As I reflect on the ups and downs of the previous 12 months, the “classroom of reality” continues to educate me and my team. As a result, we created a list of goals for 2014. The first item on our list, and the one I’ll discuss here, is the objective of tightening our shop’s credit policy by doing something really crazy—working only with customers that pay invoices in a timely fashion. This is because slow-payers cause us to spend an inordinate amount of time and energy attempting to collect money for work we performed on time and to specification. Really, why the need to hound them? Frequent excuses include: “We didn’t get the invoice, so please resend it;” “Our bookkeeper has been sick;” and “It’s not in my system.” These and other delay tactics are tiring and distracting to deal with month after month.
When analyzing our 2013 sales, I noticed about 40 of our 200 customers had constant payment issues. About half of the 40-customer group were existing accounts we have attempted to work with and have chosen to tolerate, while the others were new accounts that we quoted and accepted work from in an effort to grow and diversify.
To ensure new accounts are profitable, we carefully review their requirements before saying yes. We’ve improved our screening process over the years and decline a sizable number of inquiries, but we still accept new customers if the jobs are within our capabilities and we believe the customers have future potential, or if they’re willing to pay upon completion.

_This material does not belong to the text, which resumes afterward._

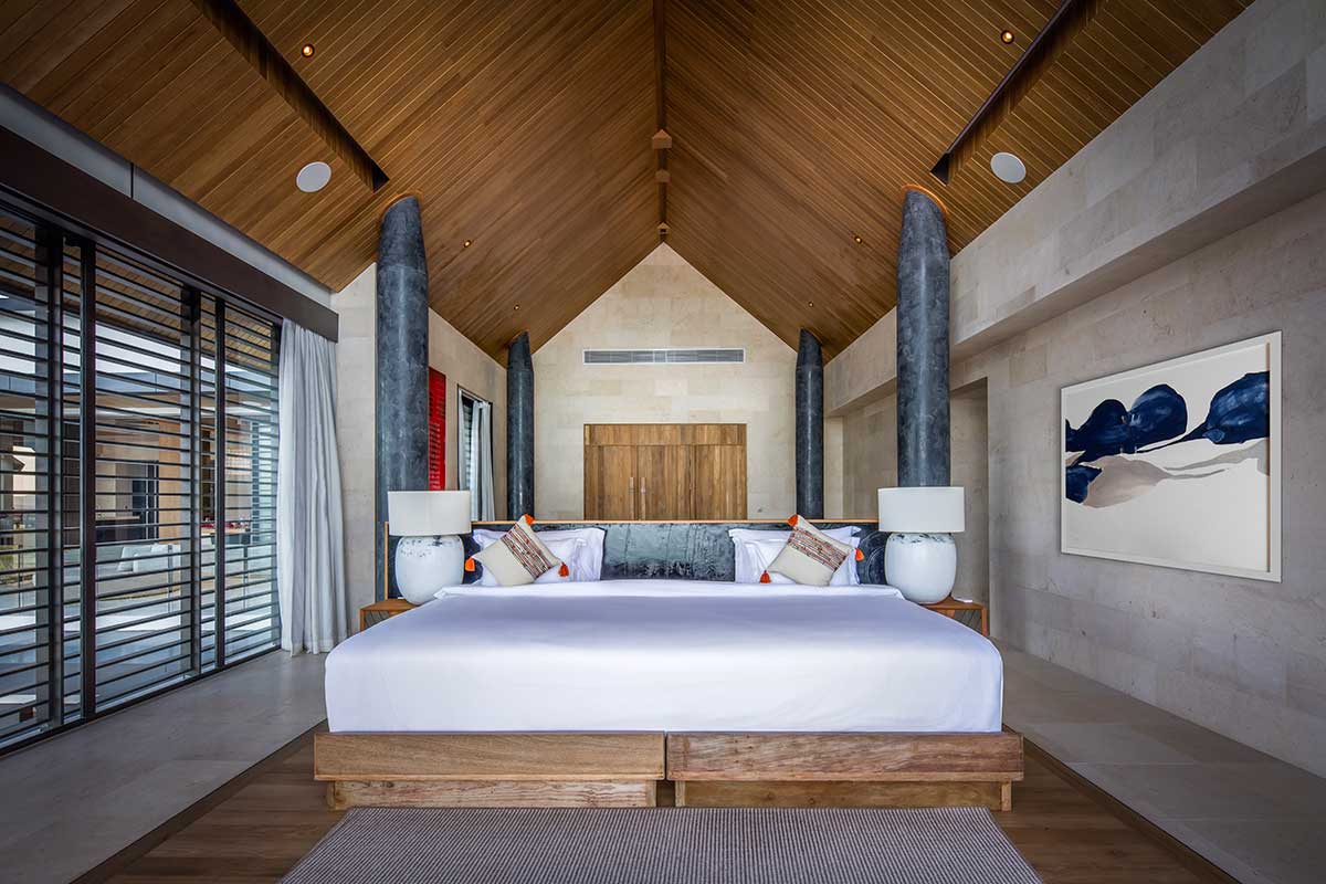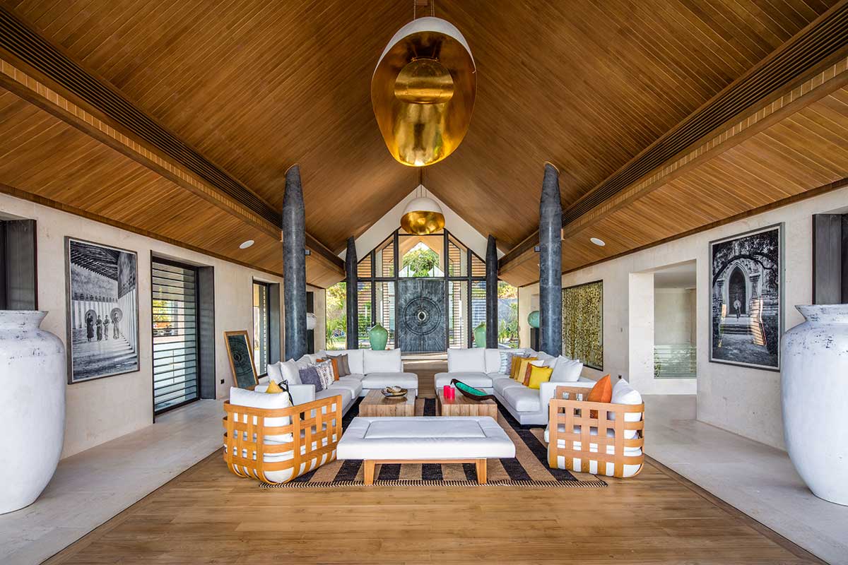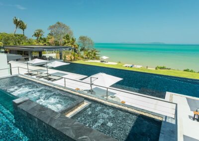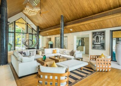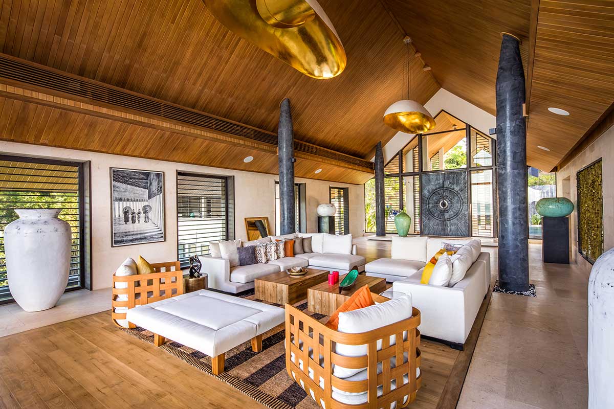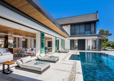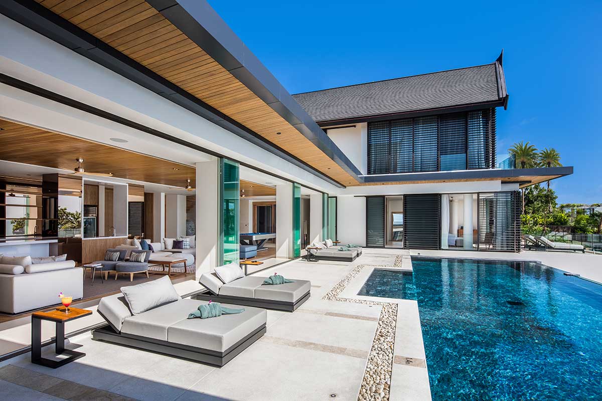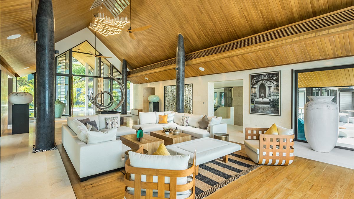 Perhaps truly rounding out the villa are its water features made for the ultimate tropical holiday. Dip into a large jacuzzi on a roof bar, or another one on the mid-level, linked to an 11-meter lap pool. For a grander feel, conquer a massive, ground-level swimming pool, at least 38 meters in length, with access to the beach and its own pool sala for outdoor dining and lounging fun.

Usually, the first order with a new customer is a fire drill, likely involving erroneous part drawings and a promise that getting them out of this bind will result in more business. Too frequently, the new work takes a long time to quote, disrupts the normal schedule and consumes valuable engineering, production and QC time, only to end up causing a hassle with the customer about paying their invoice later.
Under our new policy, prospective customers that are in a major bind and require urgent delivery get a different response: We’ll take the job but will not accept any open payment terms. Unless a new customer is prepared to pay immediately via credit card or check, we no longer jeopardize our regular workload with rush jobs from such a customer. These kinds of jobs tend to create stress and tension amongst the staff as they try to work in new business. If we’re going to jump through hoops, our payment expectations must be met or the job won’t run.
This doesn’t mean we’re so swamped that we don’t want new business. I’ve regularly written about the importance of growing our company and intend to follow a controlled-growth path. However, unless payment is made up front, we’ll focus instead on jobs from the top accounts that pay their invoices on time. Of course, if that new customer turns into a good one by providing us with steady business, we’ll be glad to change the payment terms, but until then it’s “cash on the barrel.”